Create the Sink connector using the Confluent Cloud GUI or run ccloud connector create --config data/ccloud/mongodb_sink.json
Install CLI
brew install mongodb-database-tools
Import data
mongoimport --uri mongodb+srv://dbUser:MONGODB_PW@MONGODB_ENDPOINT/abc \
--collection inventory \
--drop --jsonArray \
--file data/mongodb/products.json
2021-04-07T16:00:29.422+0100 connected to: mongodb+srv://[**REDACTED**]@MONGODB_ENDPOINT
2021-04-07T16:00:29.458+0100 dropping: test.inventory
2021-04-07T16:00:29.561+0100 3 document(s) imported successfully. 0 document(s) failed to import.
Create the Sink connector using the Confluent Cloud GUI or run ccloud connector create --config data/ccloud/mongodb_source.json
Check that data is arriving in topics atlas0.abc.inventory
and atlas0.abc.transactions
.
First, create a ksqlDB application on your cluster in Confluent Cloud.
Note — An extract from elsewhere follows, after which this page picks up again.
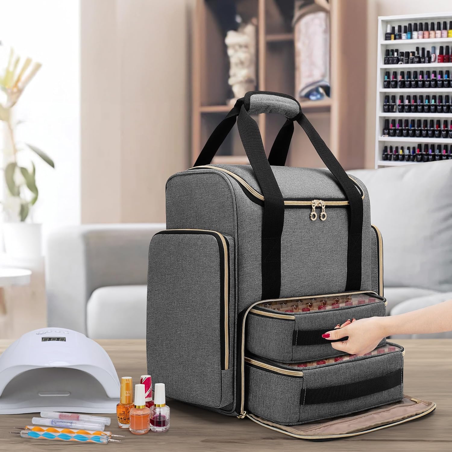 LUXJA Nail Polish Organizer Backpack Holds 70 Bottles and a Nail Lamp, Nail Polish Bag with 2 Removable Cases and Tools Storage Pockets (Patented), Gray

Then declare streams on the source data:
-
Clicks
CREATE STREAM clicks( ip VARCHAR, userid INT, prod_id INT, bytes BIGINT, referrer VARCHAR, agent VARCHAR, click_ts BIGINT ) WITH ( KAFKA_TOPIC='abc-clicks1', VALUE_FORMAT='JSON', TIMESTAMP='click_ts' );
-
Transactions (sourced from MongoDB)
CREATE STREAM transactions ( fullDocument STRUCT< cust_id INT, prod_id INT, txn_ts BIGINT>) WITH ( KAFKA_TOPIC='atlas0.abc.transactions1', VALUE_FORMAT='JSON' );
-
Inventory (source from MongoDB)
CREATE STREAM inventory00 ( fullDocument STRUCT< product_id INT, name VARCHAR, "list" INT, discount INT, available INT, capacity INT, txn_hour INT>) WITH ( KAFKA_TOPIC='atlas0.abc.inventory', VALUE_FORMAT='JSON' ); SET 'auto.offset.reset' = 'earliest'; CREATE TABLE INVENTORY AS SELECT FULLDOCUMENT->PRODUCT_ID AS PRODUCT_ID, LATEST_BY_OFFSET(FULLDOCUMENT->NAME) AS NAME, LATEST_BY_OFFSET(FULLDOCUMENT->"list") AS LIST_PRICE, LATEST_BY_OFFSET(FULLDOCUMENT->DISCOUNT) AS DISCOUNT, LATEST_BY_OFFSET(FULLDOCUMENT->AVAILABLE) AS AVAILABLE, LATEST_BY_OFFSET(FULLDOCUMENT->CAPACITY) AS CAPACITY, LATEST_BY_OFFSET(FULLDOCUMENT->TXN_HOUR) AS TXN_HOUR FROM INVENTORY00 GROUP BY FULLDOCUMENT->PRODUCT_ID;
Some of this SQL won’t make sense as it is for demo purposes and is 'good enough' for illustrating the concept of what can be done.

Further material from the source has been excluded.